German investment group MGI nears deal to acquire mobile ad firm Verve

Media and Games Invest, a German investment holding company, is nearing completion of a deal to acquire Verve Wireless, a location-focused marketing platform company, according to sources familiar with the deal. The closing of the deal would be the latest sign of ongoing consolidation within the ad tech market. Terms of the deal could not be confirmed.

Sources said the deal could be announced as soon as Wednesday. Verve had also been in talks with at least two other companies about a potential deal, sources said. Neither Verve nor MGI would comment.

MGI states on its website that its strategy is to acquire “preferably distressed companies with sustainable revenue streams, restructuring and integrating those portfolio companies onto single state of the art platforms and generating leverage and scale advantages.”

The companies in MGI’s portfolio include PubNative, which offers an app-focused mobile supply-side platform; AppLift, which provides an app-marketing platform; influencer marketing agency ReachHero; and Gamigo Group, a provider of a free gaming platform.

MGI reported revenue of  €28.6 million ($31.7 million) for the first half of 2019, representing a 20% increase over the period a year earlier. Its earnings before interest, tax, depreciation and amortization rose 28% for that period, to €7.5 million ($8.3 million), as compared with the year-earlier stretch. The company had €26.2 million ($29 million) in “cash and cash equivalents” as of June 30, 2019. MGI lists in its filings that its headquarters are in Malta.

Founded in 2005, Verve was an early entrant into the mobile ad tech market; it has worked with advertiser clients including Best Buy, Diageo and AT&T. The company raised more than $30 million in funding, according to AdExchanger. But in recent years, Verve encountered difficulties. In 2018 the company wound down its European operations, citing its concerns about regulation in the region. The General Data Protection Regulation, which requires companies to ask European consumers for their consent before collecting personal information, went into effect in 2018.

Verve has since reduced its U.S. head count, too, through a series of layoffs in 2019. Last year the company reduced its total number of staffers worldwide to about 100 people, compared with a head count of a little more than 200 the previous year, as Adweek reported.

While marketers have long been interested in location-based ad targeting (and some companies have wanted to reach potential shoppers near their physical stores), “walled gardens” like Google and Facebook are best players at the technique and tend to offer the best solutions, said Ana Milicevic, co-founder of digital advisory firm Sparrow Advisers.

“The use case for the open internet location play often doesn’t justify its creepiness trade-off,” Milicevic said. “That, I think, is the crux of the problem for location companies: not that they’re collecting information, not . . . whether they’re being good custodians of this data.” She added, “But on the activation side there’s only really so much you can do without being Big Brotherish.”

Consumers are also becoming more aware of when apps share their location data in the background, and many users are taking control over which of their apps do so.

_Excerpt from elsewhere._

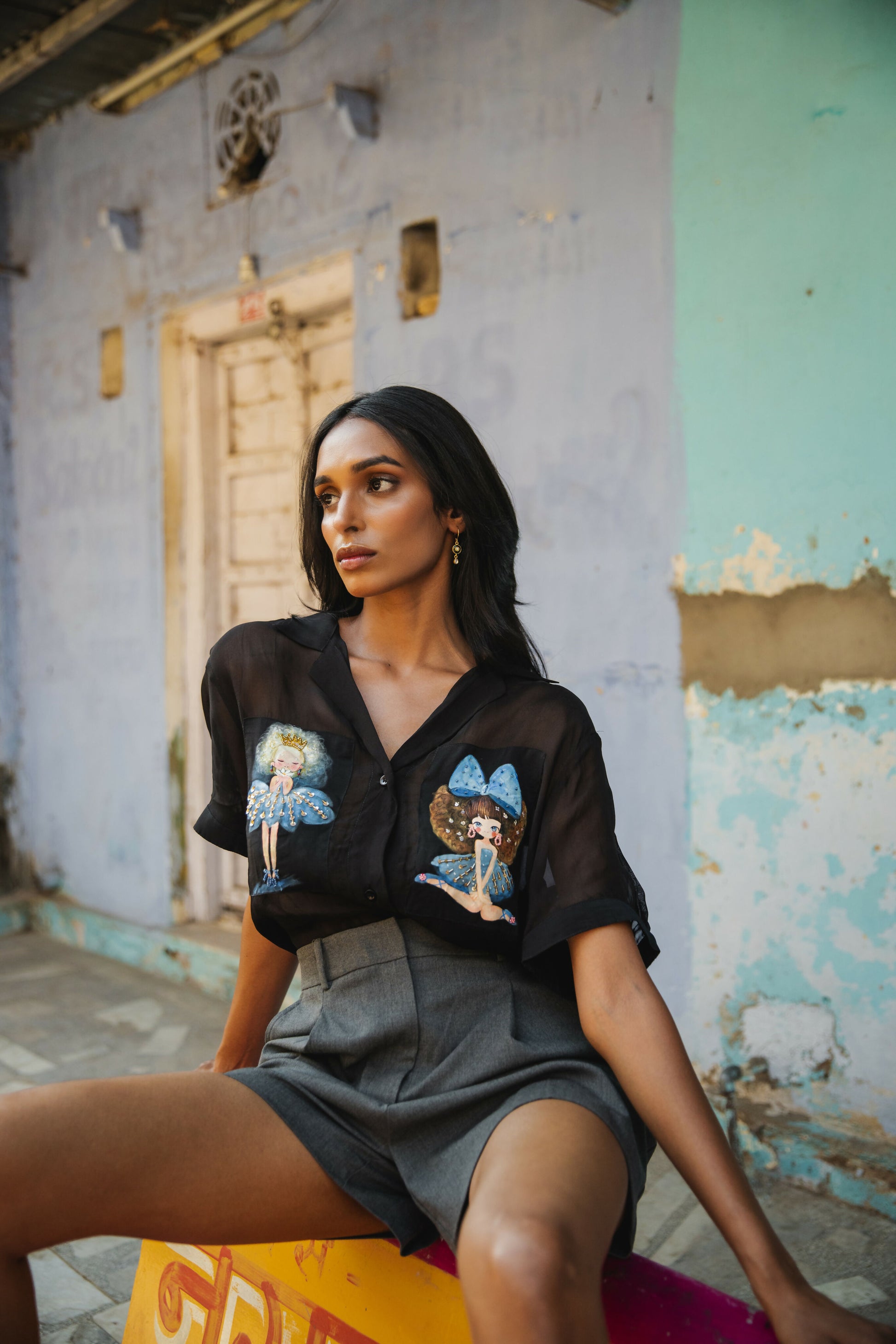 Introducing the Fiona Organza Black Hand-Painted Shirt which features enchanting hand-painted fairies and intricate hand-embroidered details. Crafted from soft organza, the Fiona shirt combines artistry and elegance, making it a perfect statement piece for any occasion.
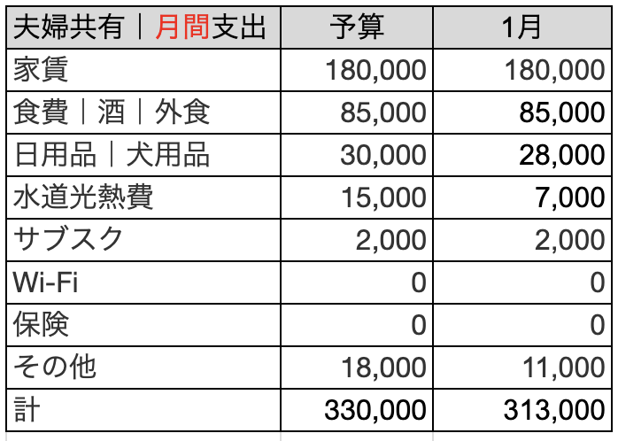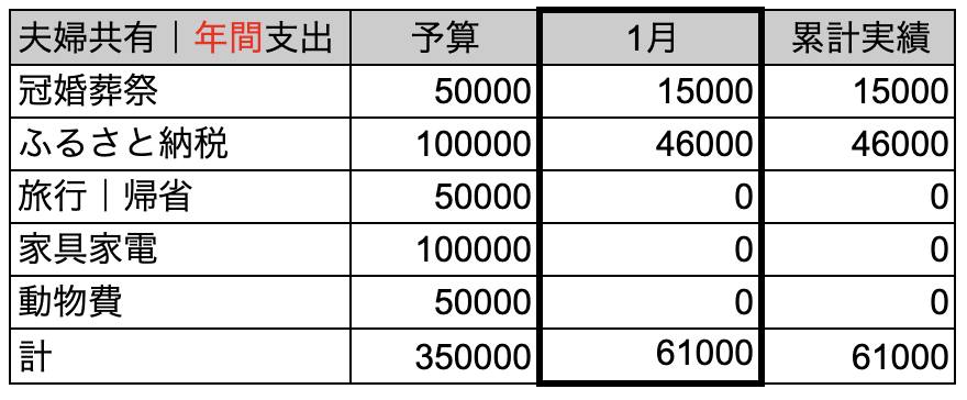 昨年は何かしらオーバーした項目があったので、予算枠を見直してリスタートしてよかったです。

Apple’s September release of an iOS update, which includes regular reminders about when apps are sucking up user data, has led to lower opt-in rates for location tracking by consumers, Digiday reported earlier this month.

The potential acquisition of Verve by Media and Games Invest would be just the latest in a long list of recent ad tech deals; 15 ad tech mergers and acquisitions took place in the fourth quarter of 2019 alone, according to investment bank Luma Partners. In December supply-side platform companies Rubicon and Telaria merged in an all-stock deal. Earlier this month Advanced TV specialist Cadent acquired identity solutions business 4INFO. And also this month News Corp offloaded Unruly to Tremor International for a fraction of the 2015 acquisition price for the video ad tech company.